__MATERIAL SUPPLIED__.
● ● ●

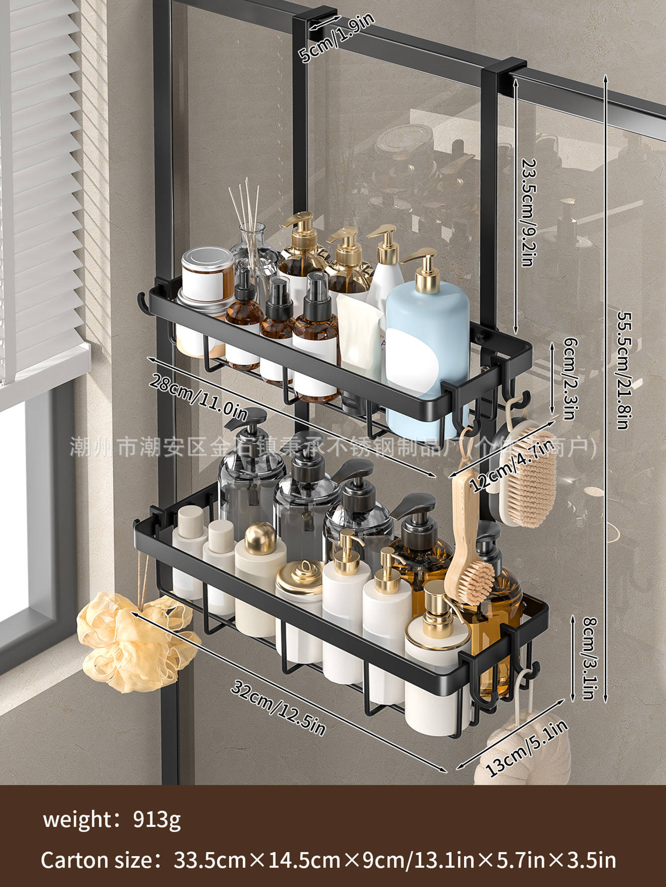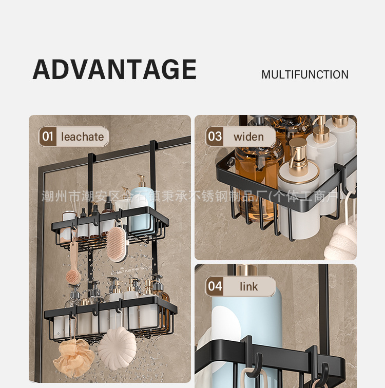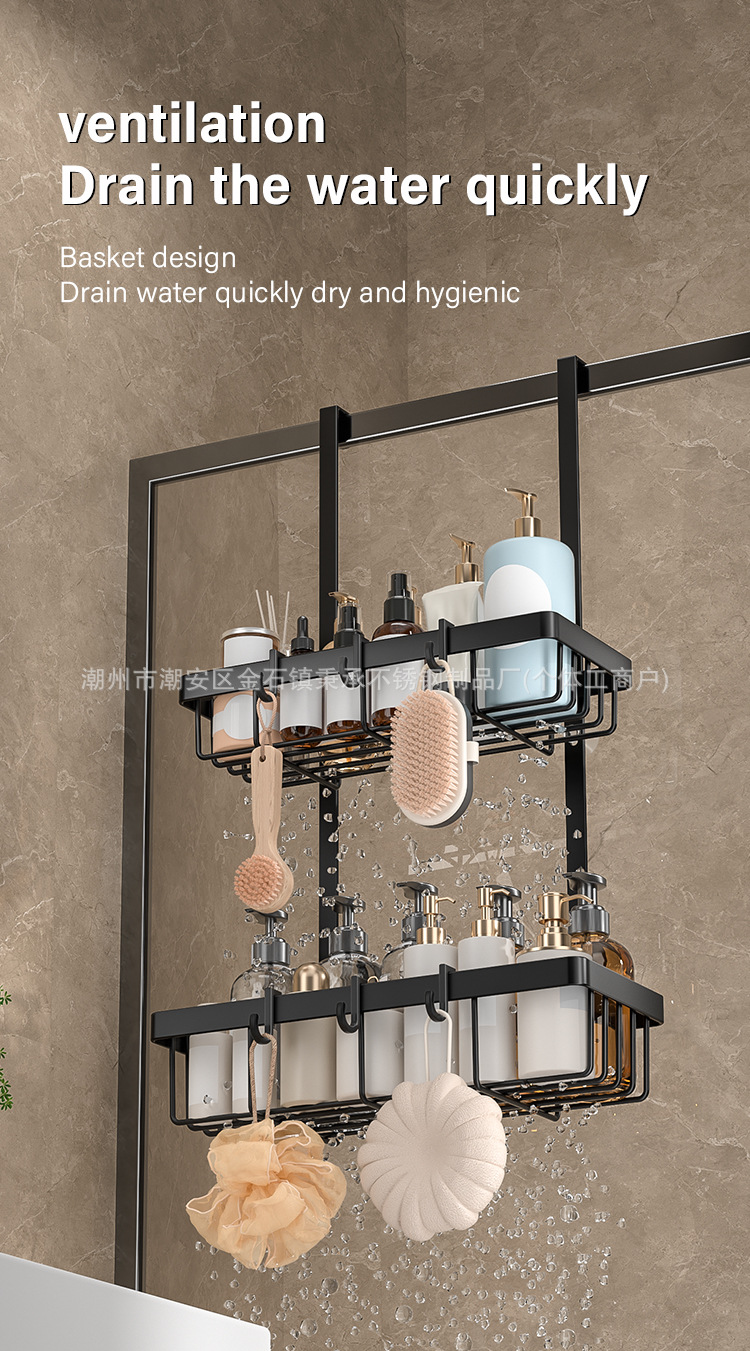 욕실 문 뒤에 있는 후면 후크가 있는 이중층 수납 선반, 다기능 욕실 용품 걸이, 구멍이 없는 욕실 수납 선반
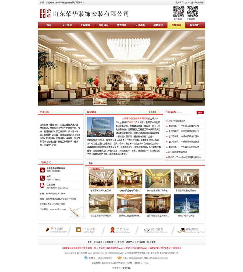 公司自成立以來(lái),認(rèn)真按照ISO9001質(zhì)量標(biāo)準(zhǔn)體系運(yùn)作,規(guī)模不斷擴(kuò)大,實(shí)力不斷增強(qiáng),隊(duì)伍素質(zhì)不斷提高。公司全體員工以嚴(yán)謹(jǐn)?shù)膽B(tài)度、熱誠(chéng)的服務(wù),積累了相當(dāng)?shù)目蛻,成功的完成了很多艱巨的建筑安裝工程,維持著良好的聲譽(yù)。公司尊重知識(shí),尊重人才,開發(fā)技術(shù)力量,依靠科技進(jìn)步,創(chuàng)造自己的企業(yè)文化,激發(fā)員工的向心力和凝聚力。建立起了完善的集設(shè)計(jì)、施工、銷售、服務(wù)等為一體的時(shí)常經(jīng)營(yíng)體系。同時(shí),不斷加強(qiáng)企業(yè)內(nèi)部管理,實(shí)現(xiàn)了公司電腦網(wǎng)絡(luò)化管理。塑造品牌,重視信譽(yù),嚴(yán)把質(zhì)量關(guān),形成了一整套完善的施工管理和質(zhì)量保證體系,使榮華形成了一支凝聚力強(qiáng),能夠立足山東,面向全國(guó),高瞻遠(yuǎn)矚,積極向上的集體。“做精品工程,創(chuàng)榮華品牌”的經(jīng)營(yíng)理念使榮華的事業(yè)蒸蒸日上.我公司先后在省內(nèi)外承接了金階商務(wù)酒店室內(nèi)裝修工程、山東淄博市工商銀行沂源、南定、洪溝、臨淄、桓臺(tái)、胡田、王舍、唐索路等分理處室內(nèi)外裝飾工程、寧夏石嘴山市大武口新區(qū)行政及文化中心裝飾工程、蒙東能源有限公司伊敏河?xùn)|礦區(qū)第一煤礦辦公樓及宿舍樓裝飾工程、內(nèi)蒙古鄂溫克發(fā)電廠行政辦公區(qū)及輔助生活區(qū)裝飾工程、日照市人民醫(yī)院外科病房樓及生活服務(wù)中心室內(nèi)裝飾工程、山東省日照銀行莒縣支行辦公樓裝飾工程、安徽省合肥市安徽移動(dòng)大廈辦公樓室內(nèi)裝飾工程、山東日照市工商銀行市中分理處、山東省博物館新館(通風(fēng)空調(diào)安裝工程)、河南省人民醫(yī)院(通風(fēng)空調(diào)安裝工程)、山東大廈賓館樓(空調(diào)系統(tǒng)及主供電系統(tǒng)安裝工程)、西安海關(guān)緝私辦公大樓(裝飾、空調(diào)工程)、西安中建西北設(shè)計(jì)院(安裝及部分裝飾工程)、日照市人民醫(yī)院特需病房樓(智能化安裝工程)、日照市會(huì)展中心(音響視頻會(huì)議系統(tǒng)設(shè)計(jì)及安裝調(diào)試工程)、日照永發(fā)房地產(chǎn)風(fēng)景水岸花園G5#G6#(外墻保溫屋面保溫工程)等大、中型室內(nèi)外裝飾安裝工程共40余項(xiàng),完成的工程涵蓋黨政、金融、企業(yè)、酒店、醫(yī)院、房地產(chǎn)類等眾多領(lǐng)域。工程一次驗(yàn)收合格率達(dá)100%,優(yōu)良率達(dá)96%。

● ● ●

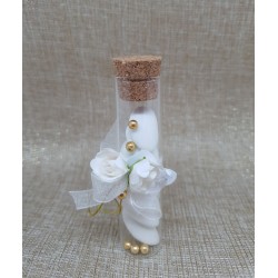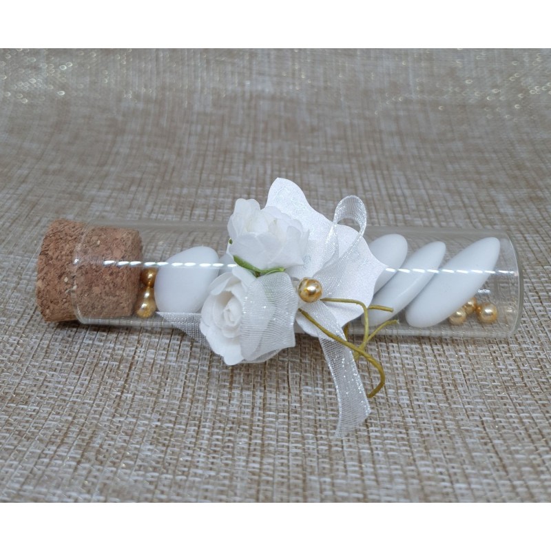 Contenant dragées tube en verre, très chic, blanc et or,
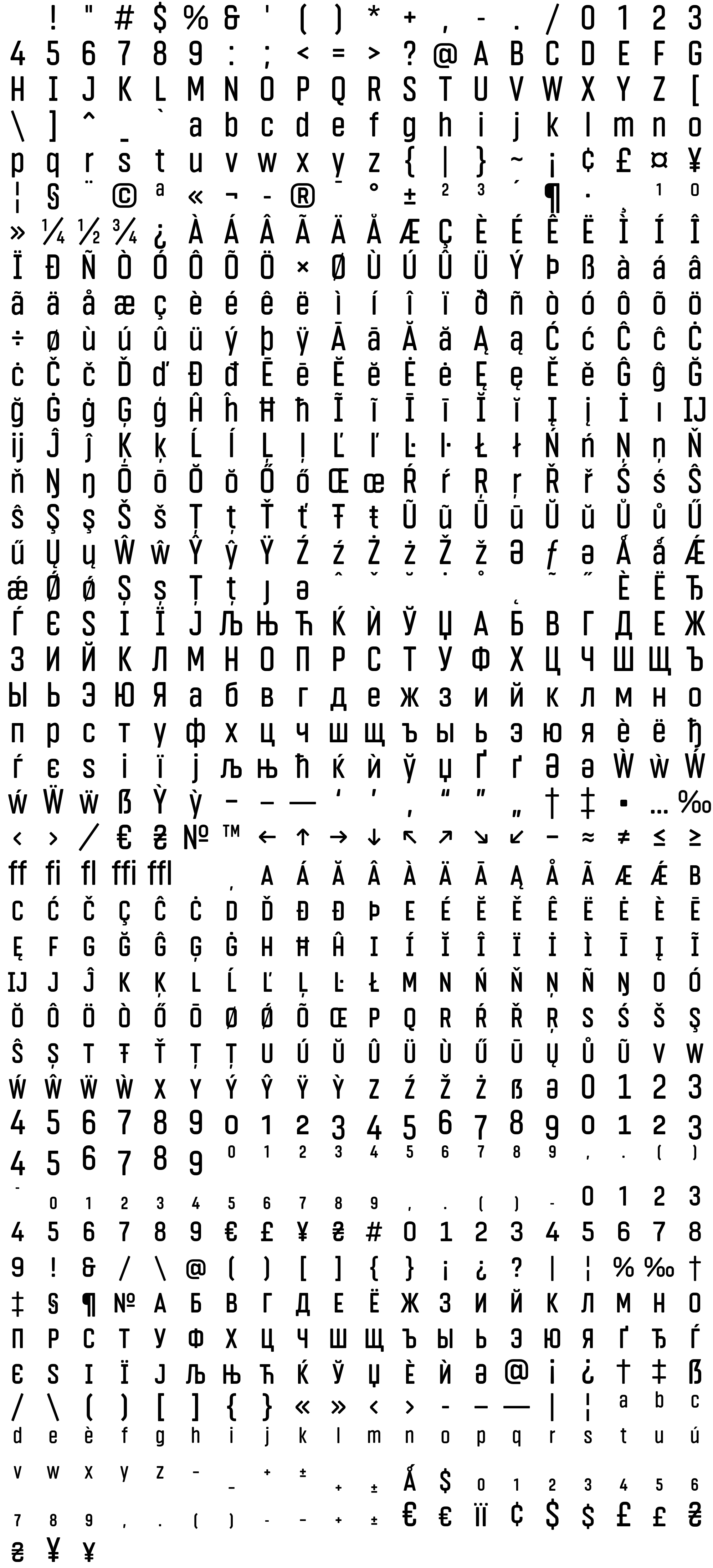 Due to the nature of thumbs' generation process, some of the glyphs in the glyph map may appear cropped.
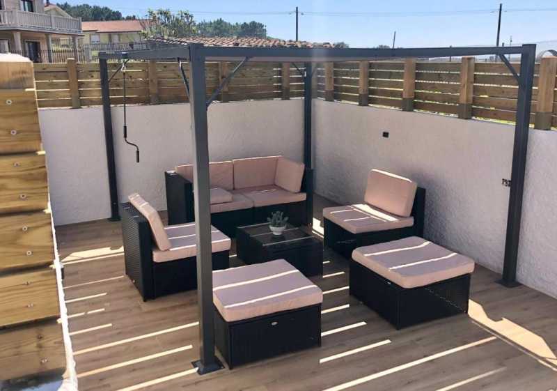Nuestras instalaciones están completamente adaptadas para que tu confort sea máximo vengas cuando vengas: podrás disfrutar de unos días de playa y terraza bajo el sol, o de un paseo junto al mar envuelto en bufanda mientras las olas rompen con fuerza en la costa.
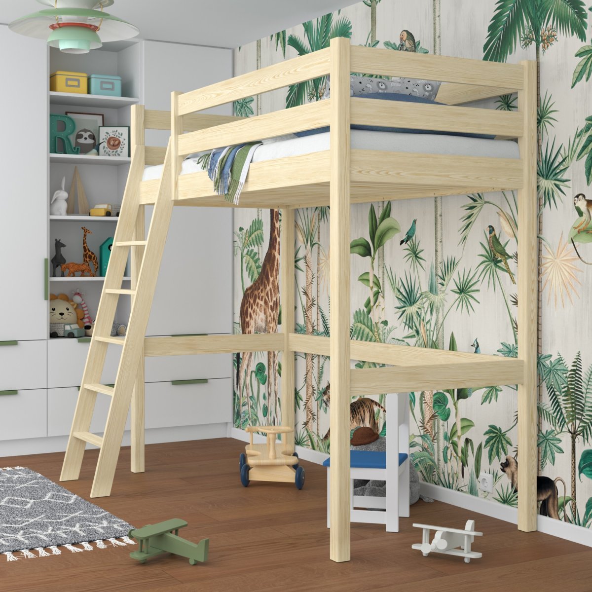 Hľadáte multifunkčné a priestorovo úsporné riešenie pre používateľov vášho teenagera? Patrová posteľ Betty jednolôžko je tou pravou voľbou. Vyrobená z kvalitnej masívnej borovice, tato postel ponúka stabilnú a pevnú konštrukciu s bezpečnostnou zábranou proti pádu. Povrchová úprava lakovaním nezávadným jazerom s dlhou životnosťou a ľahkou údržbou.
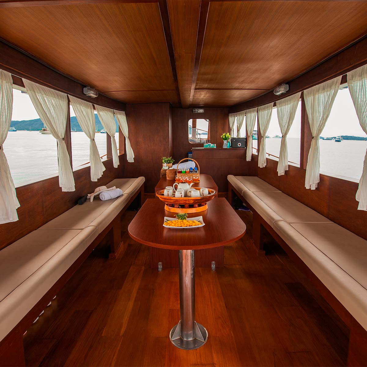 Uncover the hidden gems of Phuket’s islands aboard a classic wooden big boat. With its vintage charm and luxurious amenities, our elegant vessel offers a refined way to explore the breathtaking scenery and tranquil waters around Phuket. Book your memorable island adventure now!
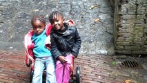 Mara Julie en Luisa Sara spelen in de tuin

● ● ●

__ACTION ITEM__. Everything above from the line containing "Uncover the hidden" through the line containing "Mara Julie en Luisa Sara spelen in de tuin" must be repeated exactly, and the pictures must be left out.

__ANSWER__.
 Uncover the hidden gems of Phuket’s islands aboard a classic wooden big boat. With its vintage charm and luxurious amenities, our elegant vessel offers a refined way to explore the breathtaking scenery and tranquil waters around Phuket. Book your memorable island adventure now!
 Mara Julie en Luisa Sara spelen in de tuin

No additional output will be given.